We flew north that year instead of riding the rails, but it still felt like a train wreck. Meanwhile, Kerwin McCaslin, who was the Titans’ GM, got on the phone and found us a catcher to start the season with: William Blakely, soon to be known as Blockade Billy. I can’t remember now if he came from Double or Triple A, but you could look it up on your computer, I guess, because I
do
know the name of the team he came from: the Davenport Cornhuskers. A few players came up from there during my seven years with the Titans, and the regulars would always ask how things were down there playing for the Cornholers. Or sometimes they’d call them the Cocksuckers. Baseball humor is not what you’d call sophisticated.

We opened against the Red Sox that year. Middle of April. Baseball started later back then, and played a saner schedule. I got to the park early that day—before God got out of bed, actually—and there was a young man sitting on the bumper of an old Ford truck in the players’ lot. Iowa license plate dangling on chickenwire from the back bumper. Nick the guard let him in when the kid showed him his letter from the front office and his driver’s license.

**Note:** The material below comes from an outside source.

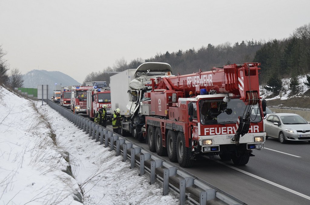 Kraneinsatz nach Lkw-Unfall auf der A21

“You must be Bill Blakely,” I said, shaking his hand. “Good to know you.”

“Good to know you too,” he said. “I brought my gear, but it’s pretty beat-up.”

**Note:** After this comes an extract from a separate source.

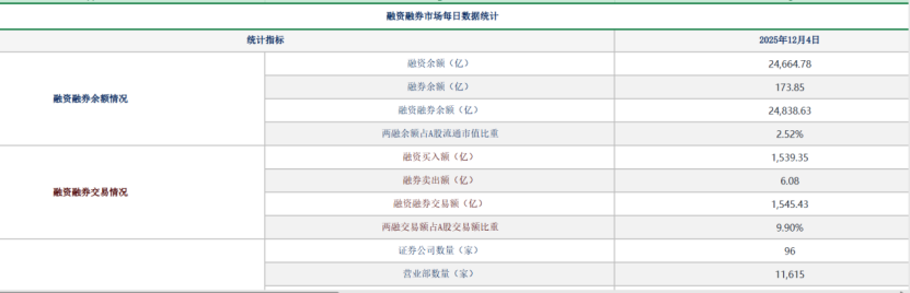 不过,中证数据有限责任公司最新动态数据显示,进入12月后两融余额已有回稳迹象。截至12月4日,A股融资余额为24838.63亿元,较11末略有回升;当前两融余额占A股流通市值比例为2.52%,整体杠杆水平仍处于稳健区间。

“Oh, I think we can take care of you there, partner,” I said, letting go of his hand. He had a Band-Aid wrapped around his second finger, just below the middle knuckle. “Cut yourself shaving?” I asked, pointing to it.

“Yup, cut myself shaving,” he says. I couldn’t tell if that was his way of showing he got my little joke, or if he was so worried about fucking up he thought he ought to agree with everything anyone said, at least to begin with. Later on I realized it was neither of those things; he just had a habit of echoing back what you said to him. I got used to it, even sort of got to like it.

“Are you the manager?” he asked. “Mr. DiPunno?”

“No,” I said, “I’m George Grantham. Granny to you. I coach third base. I’m also the equipment manager.” Which was the truth; I did both jobs. Told you the game was smaller then. “I’ll get you fixed up, don’t worry. All new gear.”